А по телевизору шла «Карнавальная ночь», где летали серпантины, пили шампанское и Людмила Гурченко с умопомрачительно узкой талией, стоя вполоборота к телезрителям, пела «Пять минут! Пять минут!». Конечно, интересно, но на самом деле отвратительное зрелище! У порядочной женщины не может быть такого обтягивающего платья, когда всё выделяется и ещё она совсем не стесняется, что у неё есть грудь, и она, вместо того, чтоб как-то скрыть это, делает так, что она торчит! Прошлась бы ты у нас по улице в таком платье! Ей бы из её же муфты кляп сделали, чтоб не орала громко, когда её в кусты тащить будут!

На её просьбы пойти втроём на всю ночь к кому-нибудь в гости встречать Новый год мама отвечала:

– Ты что, ненормальная?! Куда я среди ночи пойду?! Я что, бездомная?! Новый год – семейный праздник! Приду, скажу: «Ага! Здрасти! Можно, мы у вас будем сидее-еть? На черта мне это надо?! Когда захочу – лягу! Когда захочу – встану! Кому чужие люди в доме нужны?!

И всегда будет так… всю жизнь – мама будет придвигать к себе эмалированную миску и есть свою кислую капусту. Если только… если только удастся выйти замуж, то есть её «возьмут в хорошую семью». Но и тогда будет сидеть свекровь, или как это называется, мать мужа, есть такую же капусту; ещё какой-нибудь лысый его старший брат, замужняя сестра без мужа с малолетними детьми, которые за всё хватаются и всё переворачивают… Аделаида готова была разрыдаться!

Первого января, сразу после «бессонной ночи» можно было отдохнуть. Потом «сесть за уроки» и делать их все каникулы: «повторять пройденное», писать диктанты, изложения, потому что «положение было очень плохим» и за время каникул надо было «войти в колею», чтоб не «остаться за бортом».

Ну, так что? – Фрукт стоял посреди класса, засунув руки глубоко в карманы школьных брюк, расставив ноги и ритмично покачивался на них. Он всегда стоял именно так. – Кто желает отметить конец года? Мои сваливают в субботу днём! – Рыжая шевелюра раскачивалась в такт ногам и полуулыбка, полуухмылка опять блуждала по его наглому лицу.

– Да кто ж не желал отметить?! Все желали! И конец года, и четверти, и и-и-и… Мало ли кто чего желал отметить!

Аделаиде на этот Новый год необычайно повезло.
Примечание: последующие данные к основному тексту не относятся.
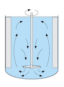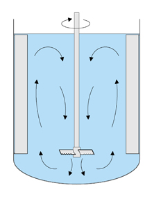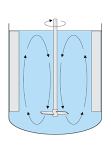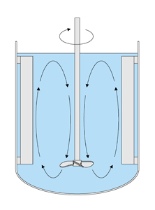 轴流型,循环速率高,剪切力小,采用挡板或导流筒则轴向循环流更强。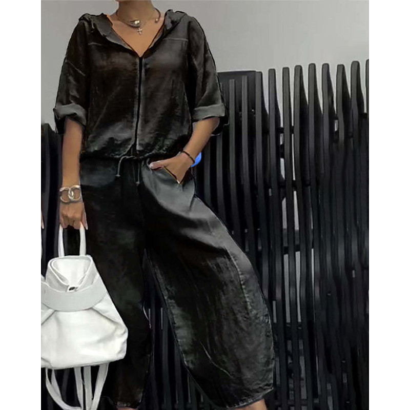 Women's Active Fashion Cotton Linen Shirts Blouse Pants Sets Long Sleeve Hooded Solid Color Zipper Daily Wear Date Black White Yellow Summer Regular Fit

В табеле стояли одни «пятёрки». Поэтому у неё появился вполне реальный шанс попасть к Фрукту на праздник.

Лорд принимал гостей довольно сдержанно. Он подходил к каждому, обнюхивал, но хвостом не вилял. Все тут же расползлись по комнатам. Пупок жрал за троих. Казалось, он специально дома неделю не употреблял пищу, или пил слабительные, чтоб очистить желудок, в надежде попасть в гости. На этот раз была рыба «фиш» и сладкий «штрудель». За роялем умастился Витька Шекеладзе по прозвищу «Шекел», на его коленях сидел Пашенька и они вдвоём страшно барабанили по клавишам и называли эту какофонию «Собачьим вальсом». Девчонки на диване рассматривали разноцветные, скорее всего импортные журналы, но на русском языке.
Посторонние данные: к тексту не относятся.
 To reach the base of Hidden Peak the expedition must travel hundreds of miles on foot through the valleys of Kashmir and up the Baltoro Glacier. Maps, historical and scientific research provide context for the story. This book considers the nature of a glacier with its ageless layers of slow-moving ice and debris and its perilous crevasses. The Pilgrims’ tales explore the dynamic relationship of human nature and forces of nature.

Улучив момент, Аделаида вышла в лоджию, где светились огоньки двух сигарет.

– Жиртрест, ты куришь?! – Чапа выкатил на неё участливые глаза. – Если что, я тебе оставлю два напаса!

– Не твоё дело! – фыркнула Аделаида. – Докуривай сам!

– Чапа, ты не прав! С дамами так нельзя разговаривать, – хмыкнул Манштейн. – Всамделе, мать, тебе чего? – обернулся он к ней.

– Ничего! На Пупка смотреть не могу! Хоть бы раз пришёл без своей сумки подмышкой. Да она ещё такая тоскливая! Двух слов связать не может, зато гонору-у-у!!!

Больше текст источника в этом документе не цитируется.